King’s Cliffe also houses Augean’s laboratory services 
division. Established in April 2006, the laboratory 
provides clients with a more focused and rapid testing 
service specifically for the onerous requirements of 
WAC. The merchant laboratories were delivering poor 
turnaround times with results taking up to four weeks 
to be issued with consequential delays to waste 
movements. The Augean facility achieves a turnaround 
time of seven days, significantly improving the waste 
producer’s ability to assess the best options for the 
waste streams. Further upgrades are planned in 2007 
to broaden the testing capacity so that all outsourcing 
of compliance monitoring can be handled in-house 
and to provide an enhanced service to clients.

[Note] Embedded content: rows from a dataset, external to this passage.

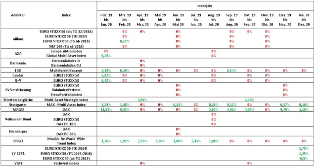 Insbesondere Anbieter, deren Indexmodell auf dem Cap-Verfahren, also einer Renditeobergrenze basiert, hätten ihren Kunden so keine Gutschriften aus der Indexpartizipation weitergeben können. Daran habe auch die sehr rasche Erholung des Aktienmarktes im Laufe des Jahres nichts mehr ändern können.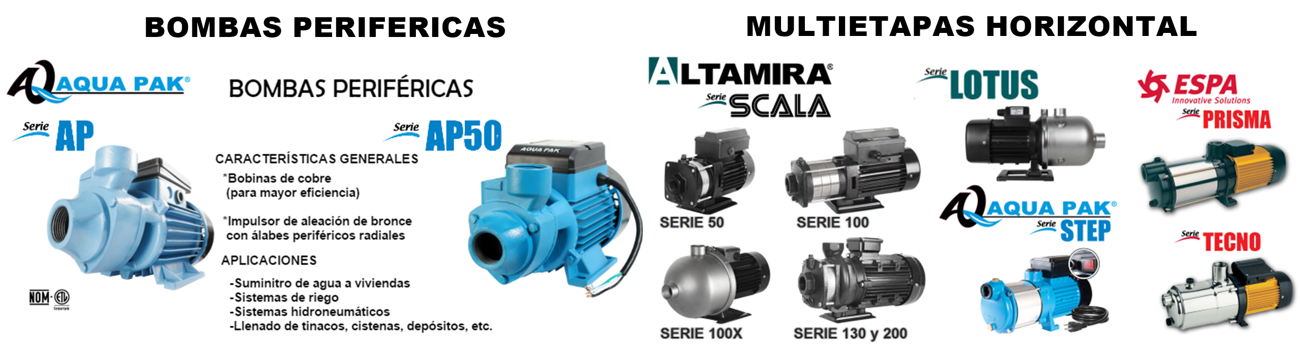 Las bombas centrífugas de superficie tienen un campo de aplicación muy amplio, tanto en instalaciones residenciales domésticas, como en instalaciones comerciales, industriales, agricultura y ganadería . Dentro de este tipo de bombas de superficie se encuentran las bombas periféricas, bombas tipo jet, centrifugas horizontales y bombas multietapas horizontales y verticales. Algunas de las aplicaciones más comunes para este tipo de bombas son los sistemas hidroneumáticos de uso doméstico y comercial, llenado y vaciado de depósitos, riego residencial, plantas purificadoras de agua, etc.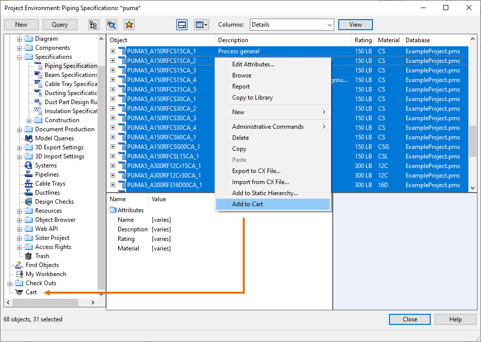 In the Project Environment dialog of the pilot project, use the Cart function to collect the required objects from the library.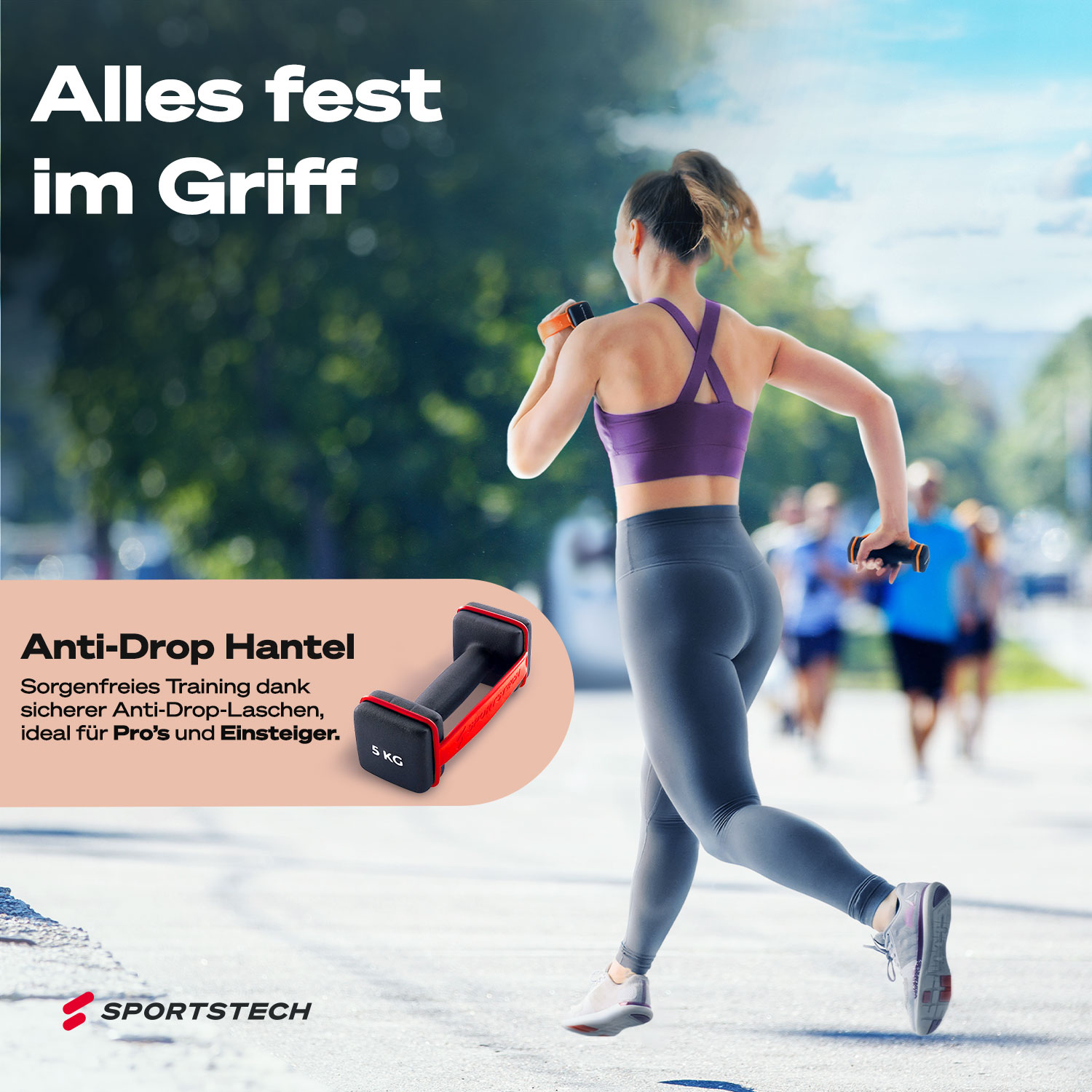 Umfassen Sie das Griffstück der Hanteln JEDERZEIT mit festem Griff!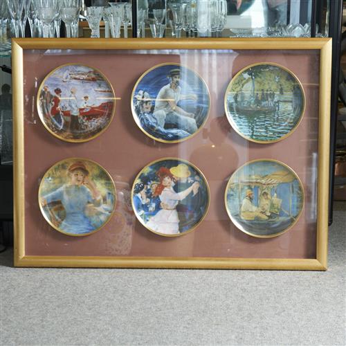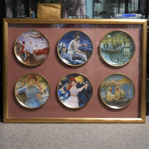 SIX IMPRESSIONIST COLLECTORS PLATES MOUNTED IN A GILDED DISPLAY FRAME, 76 X 104CM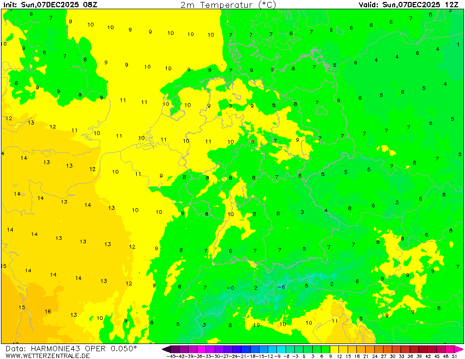 ARPEGEThe selected variable and region is available, but not for 2025-11-11, 12:00. You will switch back to the first available time step. ARPEGE is the global forecast model of the French weather service (Meteo France). It is runs with a maximum resolution of approx. 7 km in Europe and mean global grid spacing of 15 km. WZ offers forecasts up to 102 hours.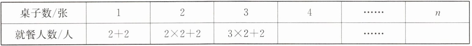 (1) 观察图发现,一张桌子每边坐1人,不管几张桌子,桌子左右各坐1人不变。第一张桌子上下各坐1人,每增加一张桌子,上下各增加1人,也就是共增加2人就餐。4张桌子,上下各4人,左右各1人,共有$(4×2 + 2)$人。用$n$表示桌子张数,桌子上下各$n$人,左右各1人,因此共有$(n×2 + 2)$人。

The Thornhaugh site continues to be quarried under 
a sub-contract producing modest royalties for limestone. 
This process underpins the future development of valuable 
void which will be adopted under the new permit for Stable 
Non-reactive Hazardous Waste (SNRHW). As with 
King’s Cliffe, a number of opportunities for extension 
of the site will be a key focus for the 2007 planning 
strategy. In particular Cook’s Hole, the site adjacent 
to Thornhaugh, is under review to upgrade the existing 
consents for extraction. During the year, the group 
addressed an issue of overtipping inherited from the 
previous owners of the site. The group’s pre-emptive 
approach to rectifying the problem unfortunately resulted 
in a prosecution by the Environment Agency. The resulting 
fines and costs totalled £0.2m and have been recognised 
in full during the year. 

The remediation work in respect of the overtipping 
has now been fully concluded to the satisfaction of 
the Environment Agency.

The non-hazardous site at Mark’s Quarry was 
completed and closed during the year. The plan for 
restoration of the site is now underway and progressing 
well. In the future, the site will continue to generate a 
modest level of royalties from a gas management plant.

Terramundo
The Terramundo facility is an excellent example 
of strategic asset development. Terramundo is a joint 
venture between Augean and DEC NV (part of the 
DEME Group) to treat contaminated soils. Situated 
at Port Clarence, the soil treatment plant provided by 
DEC will provide complementary services to the landfill 
division and targets waste streams failing WAC along 
with providing clients with an enhanced sustainability 
offering. The residues from the process will be available 
for the Port Clarence landfill. The facility is due to be 
opened in April 2007. Great interest has been shown 
from the entire sector, particularly with the facility having 
access to sea transportation through a wharf on the 
River Tees. Further technologies are being reviewed 
to enhance the facility in 2007/8.

Financial review
Trading
Group turnover for the year ended 31 December 2006 
increased by 2% to £26.6m (2005: £26.1m). This includes 
a contribution from the acquisition of the Credential 
hazardous business made in May 2006 of £3.2m and 
also includes landfill tax charged to customers, on which 
the group makes no margin, of £5.1m (2005: £7.2m). 
Excluding landfill tax, turnover increased by 14% 
in the year.

Operating margin
In assessing operating margin, management excludes 
amortisation of goodwill as this assists in understanding 
the underlying business performance. Operating profit 
before the amortisation of goodwill increased by 7% 
to £4.0m (2005: £3.7m). Operating profit in the year was 
adversely affected by exceptional items relating to the 
departure of the previous chief executive, the imposition 
of a fine following action by the Environment Agency 
and costs incurred in respect of aborted acquisitions 
(each £0.2m). Excluding exceptional items, underlying 
operating profit increased by 24% to £4.6m.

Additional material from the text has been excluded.